L’ex Birmania è nel caos da quando, il 1° febbraio, i militari sono entrati in azione a poche ore dall’apertura della sessione inaugurale del Parlamento, la prima dopo le elezioni legislative dello scorso novembre vinte in modo schiacciante (83 per cento dei consensi) dalla Lega Nazionale per la Democrazia (LND) di Aung San Suu Kyi. I militari (che in questi anni hanno sempre controllato i ministeri chiave) denunciavano da diverse settimane frodi durante le elezioni. Con il pretesto della pandemia di coronavirus, le elezioni “non sono state né libere né eque”, aveva dichiarato a fine gennaio il portavoce dell’esercito, il maggiore generale Zaw Min Tun. Le elezioni di novembre erano le seconde che si svolgevano a Myanmar dopo la fine del ventennale regime militare che aveva ceduto i poteri nel 2011. L’appoggio dei militari andava al Partito dell’Unione della Solidarietà e dello Sviluppo (USDP), braccio politico delle forze armate, che ha preso soltanto 33 seggi su 476.

Così i militari sono intervenuti  imprigionando esponenti politici, impedendo la riunione del parlamento, bloccando può volte l’accesso a internet. Sono state promesse nuove elezioni entro un anno.

Ma il popolo birmano non si è rassegnato ed è sceso in strada a protestare, sfidando la repressione. “Myanmar è un campo di battaglia. Solo una parte è armata e può arrivare la tragedia. Fin dal primo giorno ho temuto il bagno di sangue. Negli ultimi cinquant’anni in questo Paese i nostri occhi hanno pianto migliaia di morti. I genitori seppelliscono i loro figli, le lacrime delle madri sembrano non doversi mai asciugare”, ci dice il cardinale Charles Bo, arcivescovo di Yangon.

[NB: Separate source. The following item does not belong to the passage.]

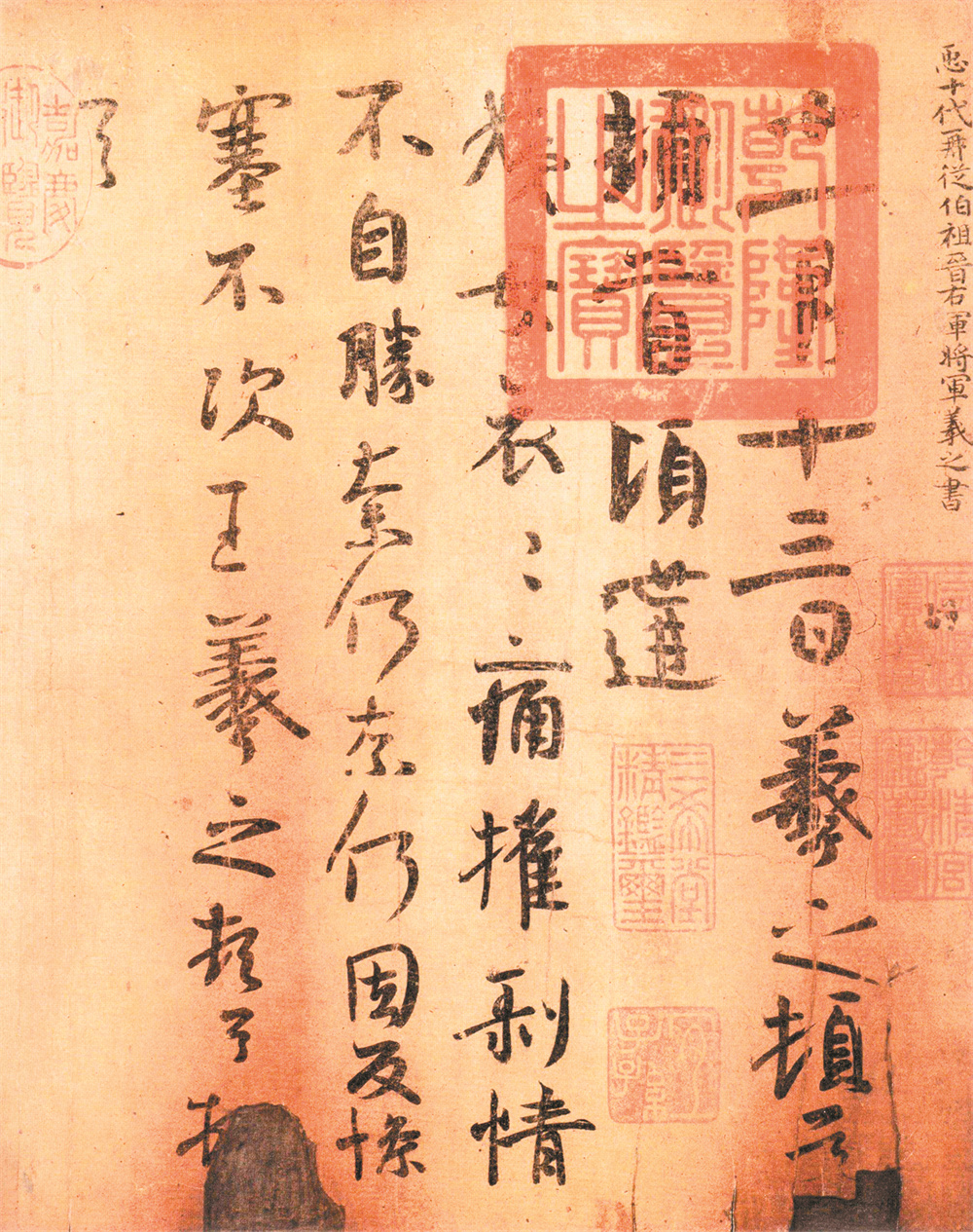 正所谓“今不逮古,古质而今妍”,亦刚亦柔的王羲之书法同时可说是亦古亦今。王羲之书风的“今”意,在于它妍媚流畅的行草书走势打破了隶书系统的迟缓;王羲之书法中的“古”意,则体现在许多字的写法还保留了浓厚的隶书意趣,尤其《姨母帖》《初月帖》中,用笔的迟涩、厚实,以及隶书横画取横势不取纵势的写法,字形扁平而不张扬,都展现出质朴敦厚的篆隶遗韵。应该说在东晋时期,王羲之的书法是承上启下,兼具古今意趣的典型。

Domenica il cardinale ha postato su Twitter le foto di Suor Ann Nu Thawng, una religiosa saveriana che si è messa in ginocchio di fronte a un gruppo di poliziotti. A Myanmar la Chiesa cattolica è minoranza, ma come ci dice il cardinale Bo, “stiamo facendo molto per promuovere la pace”. Dopo la sua visita a Myanmar nel novembre del 2017, Papa Francesco ci ha affidato il mandato di diffondere la pace. Questo è il nostro compito”, aggiunge il  cardinale senza dare  dettagli sul ruolo di mediazione della Chiesa cattolica. “Fin dal primo giorno”, dice, “facciamo appello alla moderazione, al dialogo e al ridimensionamento delle emozioni”.

Intanto, lunedì 1° marzo Aung San Suu Kyi, è comparsa in video conferenza davanti ai giudici. Nei suoi confronti prima è stata avanzata l’accusa risibile di importazione illegale di walkie talkies, ora si è aggiunta l’accusa di aver utilizzato strumenti illegali di comunicazione e di aver causato “paura e allarme”. La prossima udienza si svolgerà il 15 marzo.

Aung San Suu Kyi resta molto amata a Myanmar, anche se in questi ultimi anni la sua immagine internazionale era stata decisamente appannata dal suo negazionismo nei confronti della spietata persecuzione della minoranza musulmana dei Rohingya. Per il cardinale Bo “il colpo di stato e la sua detenzione sono una vendetta personale contro di lei, ma finché Aung San Suu Kyi è sulla scena, lei a Myanmar gioca un ruolo vitale”.